Medical use and application
The main indication for medication with levodopa is Parkinson’s disease. In this disease, a special network of nerve cells called the basal ganglia is affected and serves as the control center for movement. The presence of dopamine is required for the regulation of movement. Two areas associated with dopamine metabolism play a special role: the black matter (substantia nigra) and the so-called striatum. While dopamine is formed in the former, the striate body takes up dopamine and ensures its conversion into specific signals and their transmission. In this process, dopamine acts as a messenger substance (neurotransmitter). In Parkinson’s disease, cells in the black matter die, so that less dopamine is synthesized. Parkinson’s disease is one of the most common diseases of the nervous system. With increasing age, the disease occurs more frequently. Restless legs syndrome is also treated with levodopa in some cases.This neurological disorder is characterized by sensory disturbances in the legs or feet accompanied by involuntary movements. It is known that changes in dopamine metabolism play a significant role in this disorder. Levodopa leads to relief of the symptoms. Levodopa is also increasingly used in the treatment of Huntington’s disease. Huntington’s disease is a hereditary disorder that is still incurable. Patients show a disturbed emotional life and impaired control of muscles and facial expressions. In patients who experience muscle stiffness (rigor), medication with levodopa can bring about improvement.
Risks and side effects
Excessive doses may cause disturbances in movement (dyskinesia) or psychological problems (insomnia, hallucinations). Possible side effects include vomiting, nausea, and cardiovascular disturbances. Patients suffering from pheochromocytoma, severe hyperthyroidism, or narrow-angle glaucoma (form of glaucoma) should not take levodopa. There is also a particular risk in the case of cardiac arrhythmias, after a heart attack or gastrointestinal ulcers. In addition, there are numerous interactions with other drugs.
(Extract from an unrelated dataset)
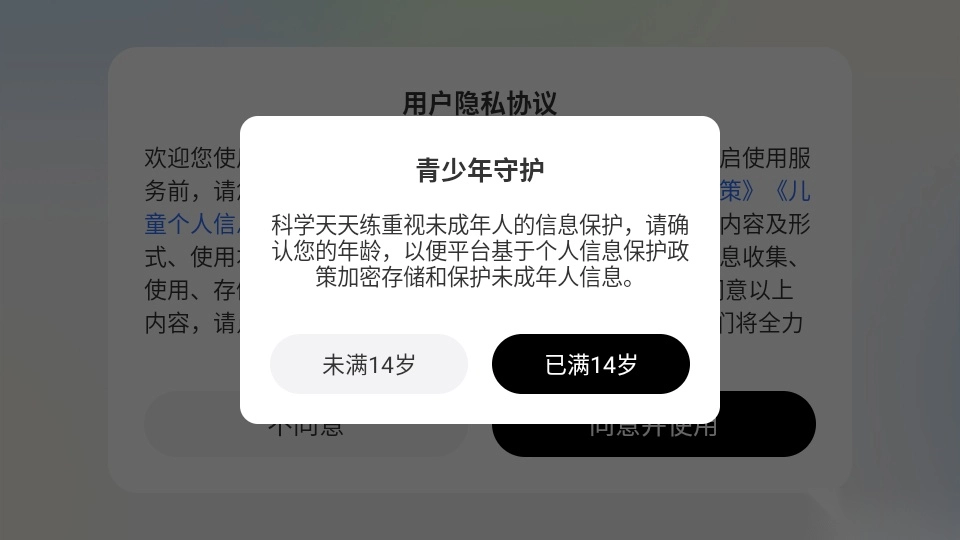 然后会出现“青少年守护”弹窗提示,点击对应年龄后进入下一步

Dopamine antagonists, substances that neutralize the acidity of gastric juice (antacids) and iron preparations reduce the effects of levodopa, as do nerve-dampening substances (neuroleptics), opioid painkillers and antihypertensive agents. Certain MAO inhibitors (MAO-B inhibitors), on the other hand, enhance the effect. If, on the other hand, MAO-A inhibitors are taken at the same time, this can result in an enormous increase in blood pressure. When starting therapy with levodopa, concomitant use of other medications should be conscientiously checked in any case.